Mutagenesi bisolfito è il gold standard per l'analisi della metilazione del DNA. Il nostro protocollo modificato per l'analisi consente di metilazione del DNA al livello di singola cellula ed è stato specificamente progettato per i singoli ovociti. Può anche essere utilizzato per il clivaggio stadio embrioni.
L'epigenetica comprende tutte ereditarie e le modifiche reversibili alla cromatina che l'accessibilità alter gene, e quindi sono i principali meccanismi per la regolazione della trascrizione genica 1. Metilazione del DNA è una modificazione epigenetica che agisce prevalentemente come un segno repressivo. Attraverso l'aggiunta covalente di un gruppo metilico su citosine in dinucleotidi CpG, può assumere altre proteine repressivi e modifiche istone avviare processi di condensazione della cromatina e il silenziamento genico 2. Metilazione del DNA è essenziale per il normale sviluppo in quanto svolge un ruolo fondamentale nella programmazione dello sviluppo, differenziamento cellulare, la repressione degli elementi retrovirali, inattivazione del cromosoma X e imprinting genomico.
Uno dei metodi più potenti per l'analisi della metilazione del DNA è mutagenesi bisolfito. Bisolfito di sodio è un mutageno DNA che deamina cytosines in uracils. Dopo l'amplificazione PCR e seque ncing, questi eventi di conversione vengono rilevati come thymines.
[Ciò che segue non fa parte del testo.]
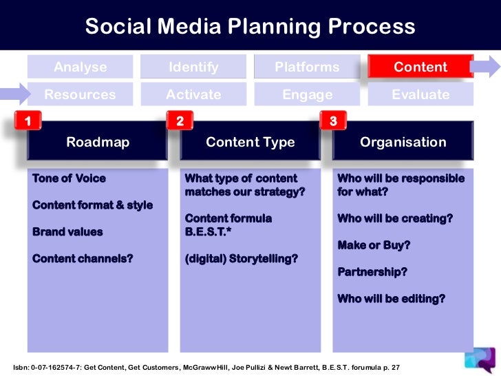 A Social Media Strategy is a plan of action designed to achieve your brand’s social media objectives and goals A social media marketing strategy should define the main aim of your brand presence on social media channels and set the parameters for Why your brand is investing in social media marketing (the reason for). Social Media Tactical Plan This is a great eBook that covers the plan for blogs, social networks, online video, photo sharing sites and presentation sharing You will learn how to identify objectives, action items and key metrics for different platform ranging from blogs to LinkedIn to Facebook and more 2. Media planning is the process by which marketers determine where, when, and how often they will run an advertisement in order to maximize engagements and ROI The media plan might split advertising spend and resources between various online and offline channels such as broadcast, print, paid ads, video ads or native content.

Citosine metilate sono protetti da deaminazione e quindi rimangono come citosine, che consente l'identificazione di metilazione del DNA a livello di singolo nucleotide 3. Sviluppo del saggio mutagenesi bisolfito è avanzato da quelli originariamente riportati 4-6 verso quelli che sono più sensibili e riproducibile 7. Un progresso fondamentale è stato l'incorporamento piccole quantità di DNA in un cordone di agarosio, proteggendo in tal modo il DNA dal trattamento bisolfito duro 8. Questa analisi di metilazione in grado di essere eseguita su pool di ovociti e di embrioni allo stadio di blastocisti 9. Il più sofisticato protocollo di mutagenesi bisolfito ad oggi è per i singoli embrioni allo stadio di blastocisti 10. Tuttavia, poiché blastocisti hanno in media 64 celle (contenente 120-720 pg di DNA genomico), questo metodo non è efficace per gli studi sulla metilazione ovociti individuali o clivaggio stadi embrioni.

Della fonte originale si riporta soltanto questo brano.